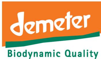
BDA Certification bdcertification.org.uk
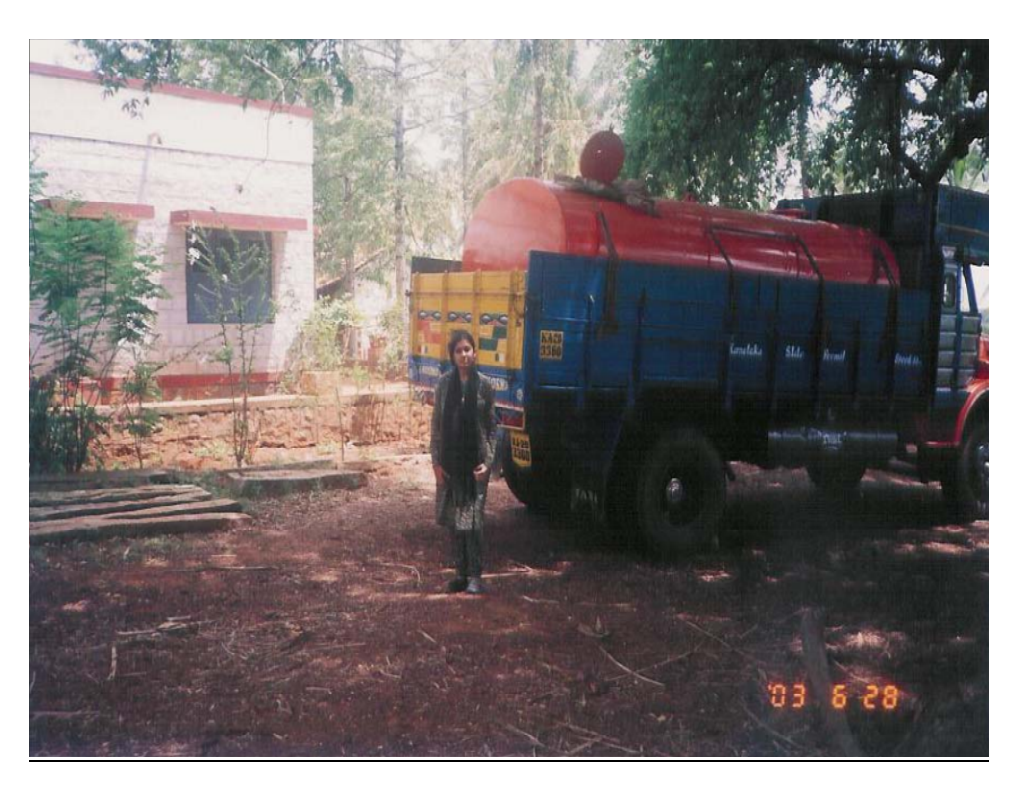
Fig 9: Spent wash being transported by distillery to free delivery to distant farms convincing the farmers that the spent wash is rich in nutrients in 2002-3
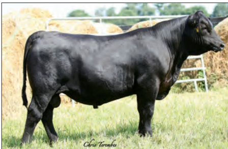
QUAKER HILL AMPLIFY 7WP3 - Lot 4
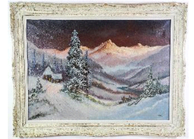
Lot # 79
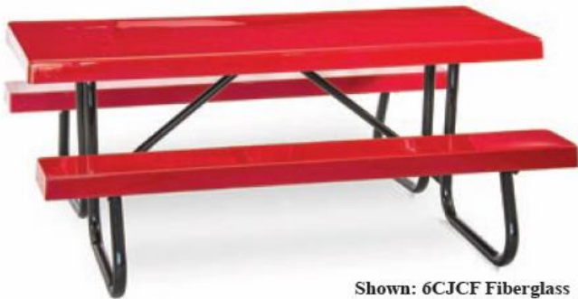
Shown: 6CJCF Fiberglass
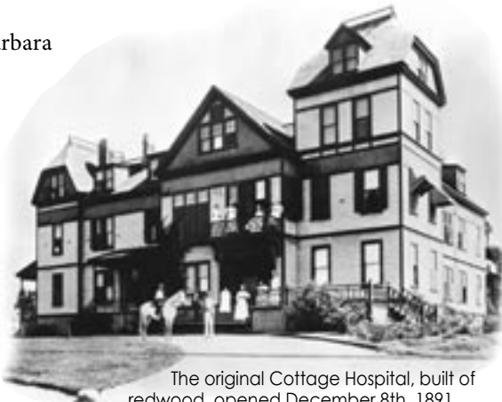
The original Cottage Hospital, built of redwood, opened December 8th, 1891.
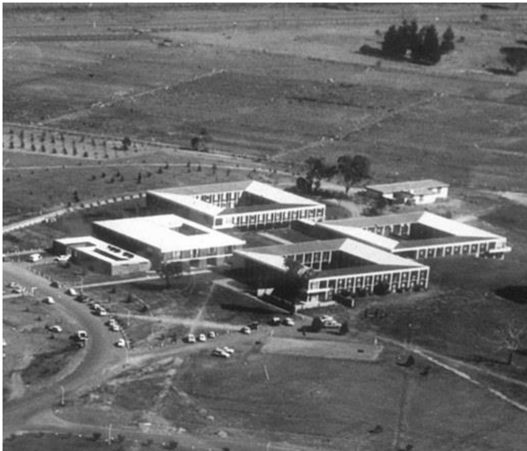
Robb College early 1960's. This photo used to sit in a frame in the Robb office.
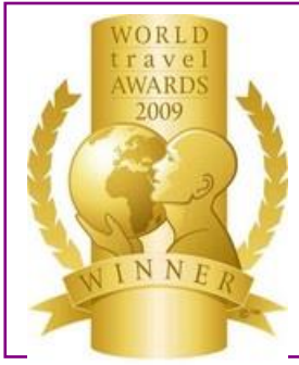
WTA – Europe's Leading Golf Resort
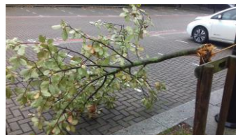
Above: Outside Acorn House.
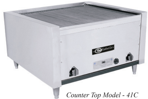
Counter Top Model - 41C Closed Front
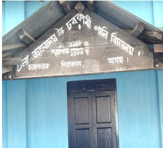
Figure 6.2- Pali School in Chalapather Shyam Gaon

it was the common language of understanding. Pali language is very popular among the Tai Khamyangs of Assam mainly for religious reason. The Tai Khamyangs are Buddhists and as most of the Buddhist scriptures are written in Pali language, it is also being taught to the youths. There is a Pali School in Chalapather Shyam Gaon which was established as early as 1948 A.D.
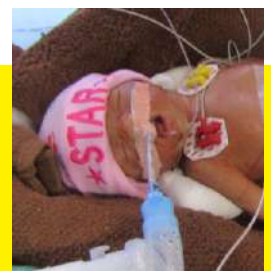
B/O Kalpana 1 Day Premature Birth Complications
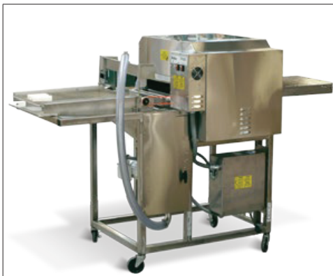
TG50 (rear view)
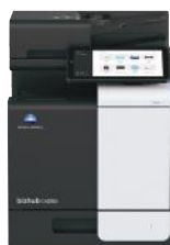
bizhub i-Series C4050i

To learn more, please visit workplacehub.konicaminolta.com
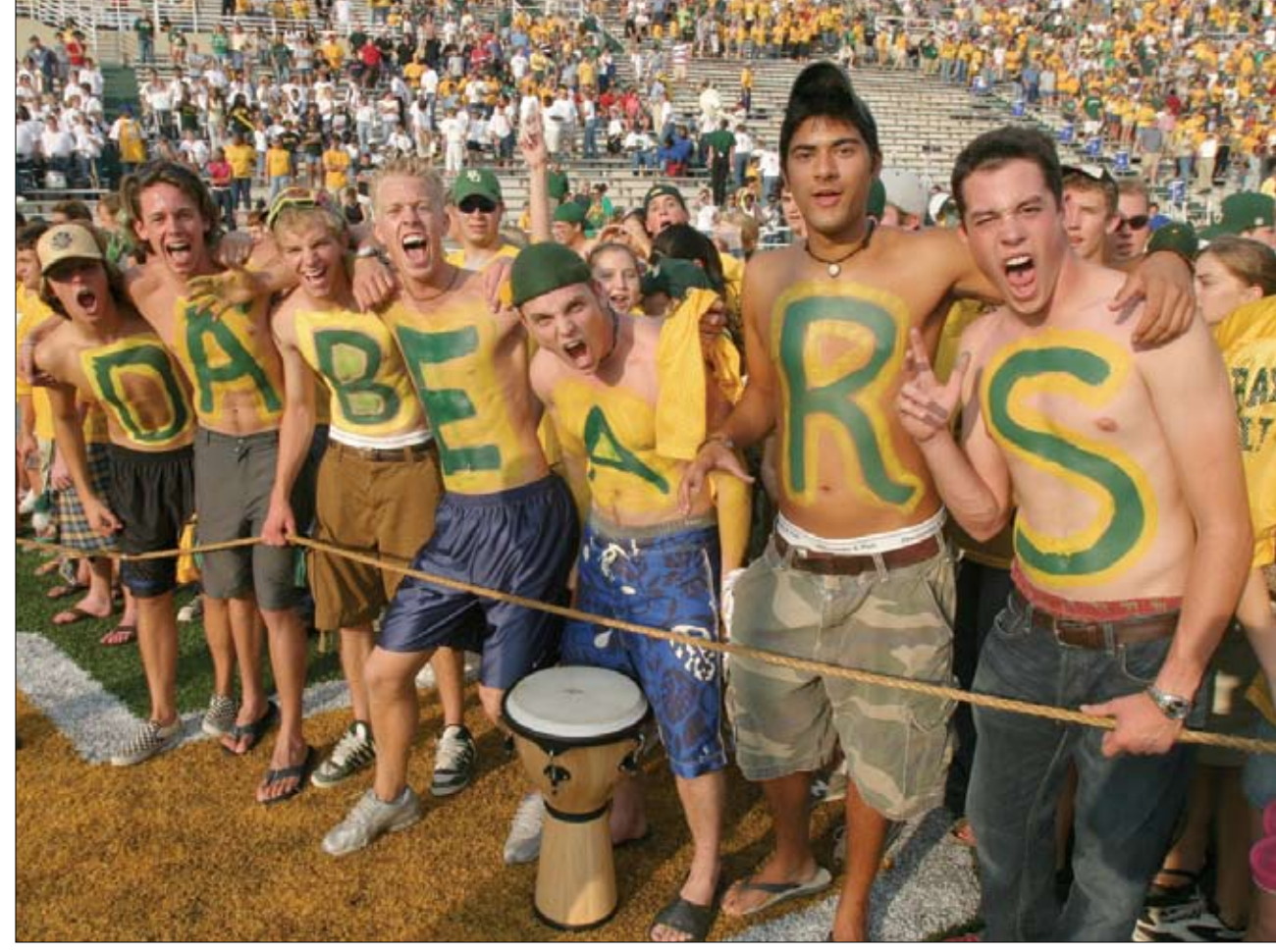
Rowdy Baylor freshmen rush the field before each football home game as part of the Baylor Line. Some students paint their bodies

and faces cheer on the Bears, while some resort to verbal confrontations with opposing teams' fans.
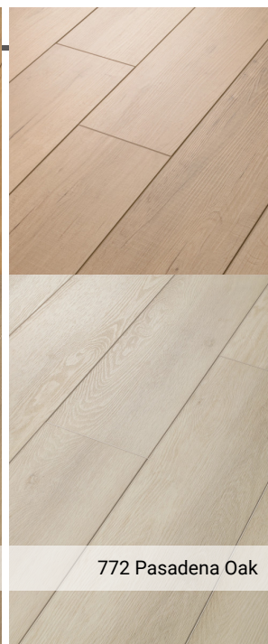
772 Pasadena Oak
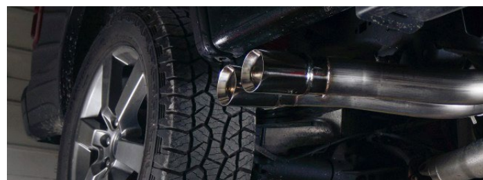
Lightning Side-Exit Exhaust
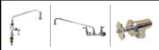
single pantry faucet
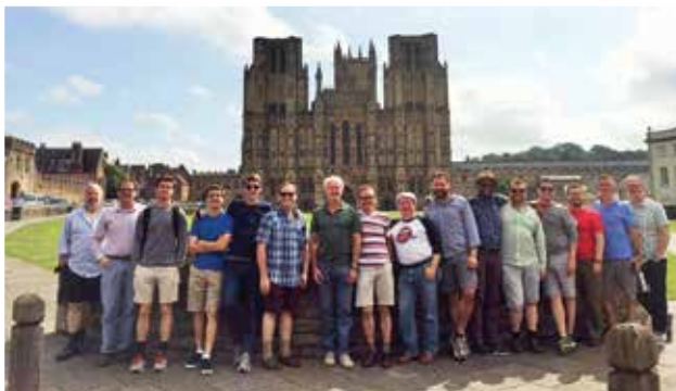
Men of San Francisco’s Grace Cathedral Choir snap a pic in front of Wells Cathedral in England
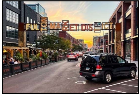
Fulton Market Gateway: Chicago, IL on W Fulton St. near Halstead St.

North Avenue is a heavily used arterial carrying over 31,000 vehicles per day. The centerline of North Avenue is the border between the Village of Oak Park and the City of Chicago. Numerous pedestrian and vehicle safety related concerns exist along this congested corridor along with challenging conditions for development and the existing commercial businesses due to the high-speed nature of the roadway and lack of safe pedestrian access to both sides of the road.
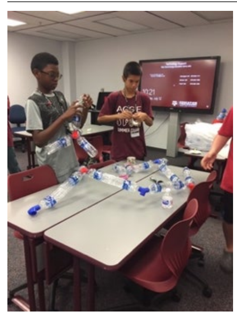
Figure 4. Campers using connectors and bottles to design a 3D shape

class. On the fifth and last day, campers presented a mock sales presentation to a group of hypothetical investors comprised of their peers and instructors. These investors could choose to fund or invest in the campers' product, which the campers could make in the future from recycled plastic filament.
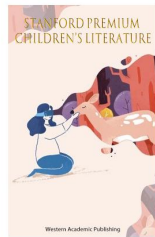
Fiction, New Releases Stanford Premium Children's Literature

Writing English is an fundamental foundation of international communication and cultural exchange. As such a students writing ability is considered to be one of the most comprehensive presentations of one’s proficiency in English. In order to better motivate students, as well as cultivate and discover those who exhibit talent in English learning and in writing, FamousEdu is currently co-hosting the 2019 Western Academic Publishing (WAP) International Youth Writing Activity together with the Western Academic Press. We are now calling for submissions for articles for the following three books.

━━━━━━━━━━━━━━━━━━━━━━━━━━━━━━

WORK INSTRUCTION: Excluding the pictures, transcribe all of the entries exactly.

OUTPUT FOR THIS EXERCISE:
BDA Certification bdcertification.org.uk
Fig 9: Spent wash being transported by distillery to free delivery to distant farms convincing the farmers that the spent wash is rich in nutrients in 2002-3
QUAKER HILL AMPLIFY 7WP3 - Lot 4
Lot # 79
Shown: 6CJCF Fiberglass
The original Cottage Hospital, built of redwood, opened December 8th, 1891.
Robb College early 1960's. This photo used to sit in a frame in the Robb office.
WTA – Europe's Leading Golf Resort
Above: Outside Acorn House.
Counter Top Model - 41C Closed Front
Figure 6.2- Pali School in Chalapather Shyam Gaon

it was the common language of understanding. Pali language is very popular among the Tai Khamyangs of Assam mainly for religious reason. The Tai Khamyangs are Buddhists and as most of the Buddhist scriptures are written in Pali language, it is also being taught to the youths. There is a Pali School in Chalapather Shyam Gaon which was established as early as 1948 A.D.
B/O Kalpana 1 Day Premature Birth Complications
TG50 (rear view)
bizhub i-Series C4050i

To learn more, please visit workplacehub.konicaminolta.com
Rowdy Baylor freshmen rush the field before each football home game as part of the Baylor Line. Some students paint their bodies

and faces cheer on the Bears, while some resort to verbal confrontations with opposing teams' fans.
772 Pasadena Oak
Lightning Side-Exit Exhaust
single pantry faucet
Men of San Francisco’s Grace Cathedral Choir snap a pic in front of Wells Cathedral in England
Fulton Market Gateway: Chicago, IL on W Fulton St. near Halstead St.

North Avenue is a heavily used arterial carrying over 31,000 vehicles per day. The centerline of North Avenue is the border between the Village of Oak Park and the City of Chicago. Numerous pedestrian and vehicle safety related concerns exist along this congested corridor along with challenging conditions for development and the existing commercial businesses due to the high-speed nature of the roadway and lack of safe pedestrian access to both sides of the road.
Figure 4. Campers using connectors and bottles to design a 3D shape

class. On the fifth and last day, campers presented a mock sales presentation to a group of hypothetical investors comprised of their peers and instructors. These investors could choose to fund or invest in the campers' product, which the campers could make in the future from recycled plastic filament.
Fiction, New Releases Stanford Premium Children's Literature

Writing English is an fundamental foundation of international communication and cultural exchange. As such a students writing ability is considered to be one of the most comprehensive presentations of one’s proficiency in English. In order to better motivate students, as well as cultivate and discover those who exhibit talent in English learning and in writing, FamousEdu is currently co-hosting the 2019 Western Academic Publishing (WAP) International Youth Writing Activity together with the Western Academic Press. We are now calling for submissions for articles for the following three books.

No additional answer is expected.